AUD/USD bearish in near term but stands near significant obstacles such as 23.6% Fibonacci and SMA.
AUD/USD is looking more bearish again as it had a failed attempt to surpass the 38.2% Fibonacci retracement level of the down-leg from 0.8135 to 0.7410, around 0.7690 in the prior week. Currently, the price is developing below the 23.6% Fibonacci of 0.7580 and within the 20- and 40-simple moving averages (SMA) in the daily timeframe.
Looking at momentum oscillators in the short-term timeframe though, they suggest neutral to bearish momentum, suggesting further downside movement may be on the cards. The RSI indicator lies slightly below its neutral 50 line, detecting negative momentum. The MACD oscillator, already negative, holds below its trigger line and near its zero lines.
If the bears continue to control the market, price declines may stall initially near the latest lows of 0.7475. A potential downside violation of this region would send prices until the 0.7410 support barrier, raising the likelihood of more downside pressure.
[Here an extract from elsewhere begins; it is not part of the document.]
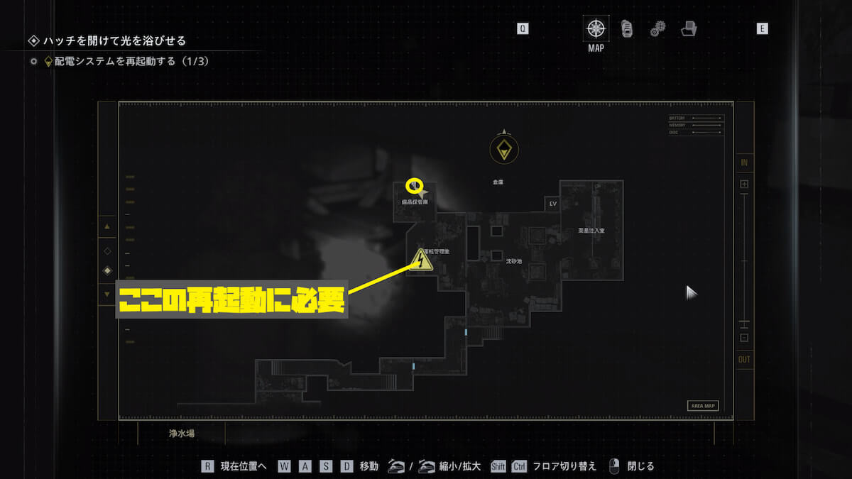 3つの配電システムを再起動したら、2階に戻ってハッチを開けましょう。エミリーがいる資材格納庫でイベントを見ると次のエリアに移動します。

In such a case, the 0.7325 level could act as a barrier to the downside, identified by the May 9 low.
On the other side, in case of a bullish run above the 23.6% Fibonacci in the pair, immediate resistance may be found near the 38.2% Fibonacci of 0.7690. An upside break of that zone would open the way for the 50.0% Fibonacci of 0.7770. If buyers manage to push above that hurdle too, that would drive the price towards the 61.8% Fibonacci level near 0.7860.
In the medium-term, the outlook is also negative following the aggressive bearish rally after the bounce off the 32-month high of 0.8135 at the end of January.